Я надеюсь, что идет культурная революция, по масштабу равная 1968 году. Видно, сколько недовольства и гнева накопилось за эти полстолетия мнимой стабильности в странах Запада. В России и Восточной Европе это не так понятно, потому что здесь состоялись «бархатные революции» 1989–1991 годов, это нас заняло надолго. А в США, Англии, Бельгии все эти длинные десятилетия – время целой взрослой жизни – оказались эпохой застоя. Его конечным воплощением стал кризис 2020 года – дикое, по крайней мере для европейцев, сочетание Трампа, Брексита, Вируса и Климата (эти факторы все надо писать с большой буквы): с одной стороны, беспрецедентные природные угрозы; с другой стороны, столь же небывалая некомпетентность мировых лидеров. В такой комбинации люди просто не могли не выйти на улицы.

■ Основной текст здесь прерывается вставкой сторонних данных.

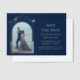 Celestial Chic Blue Silver Photo Wedding Vellum Save The Dates Invitations features a silver coloured sun, moon and stars frame on an elegant blue background. Inside is your favourite photo and your custom save the date information. Personalise by editing the text in the text boxes. Designed for you by ©Evco Studio www.zazzle.com/store/evcostudio

Революция пока что является именно культурной, в ней не артикулированы политические требования, кроме радикальной реформы полиции. Демократия помогает там, где она есть: люди ждут выборов. Они хотят перемены лиц и ее наверняка осуществят. Там, где демократическому процессу доверия нет, подобные протесты привели бы к более широкому насилию с обеих сторон. Но и в демократических странах люди знают, что смена партий и лидеров сама по себе не ведет к реальным изменениям. Пока что злоба и недовольство адресуются самым видимым и доступным символам зла – памятникам. В одном месте это король-убийца, в другом маршал-завоеватель, в третьем – генерал-плантатор. Заметьте, что дело не в новом понимании истории (в отношении рабства, например, во многих странах такое понимание давно стало консенсусом), но о его осуществлении в культурной сфере. Достигнув разрешения в дебатах «мягкой памяти» (в спорах историков, в фильмах и романах, в популярных книгах и т. д.), исторический консенсус ведет к метаморфозам «твердой памяти», а это прежде всего памятники. Хоть речь и идет о понимании прошлого, это не историографическая революция, которая давно состоялась, а именно культурная. Памятники – один из основных языков современной культуры, но мы знаем о них гораздо меньше, чем о текстах. Если вам интересны мои рассуждения по этому поводу, откройте мою книгу «Кривое горе». Я знаю, что сейчас, в связи с «войной памятников», у нее нашлись новые читатели.
Россиянам не очень понятен момент, почему в США стороне, проигравшей в Гражданской войне (1861–1865), – конфедератам – ставили памятники, в честь их называли боевую технику и военные базы. Как такое символическое примирение стало возможным?
Потому что Гражданская война в Америке закончилась совсем иначе, чем Гражданская война в России. Отмена рабства скоро перешла в примирение с бывшими рабовладельцами, ведь у них остался их капитал, финансовый и культурный (так было и в России после 1861 года – после 1922 года было совсем иначе). Они сохранили политическую власть на Юге (печально известный режим Джима Кроу, восстановивший сегрегацию или дискриминацию черных людей), а постепенно получили власть и на Севере. Первым президентом-южанином был Вудро Вильсон, один из великих лидеров этой страны. На местах битв Гражданской войны лицом друг к другу стоят памятники генералам Севера и Юга. Это как в России где-нибудь под Питером или в Сибири рядом поставили бы равные по размеру и примерно одинаковые по выражению лиц памятники Троцкому и Колчаку.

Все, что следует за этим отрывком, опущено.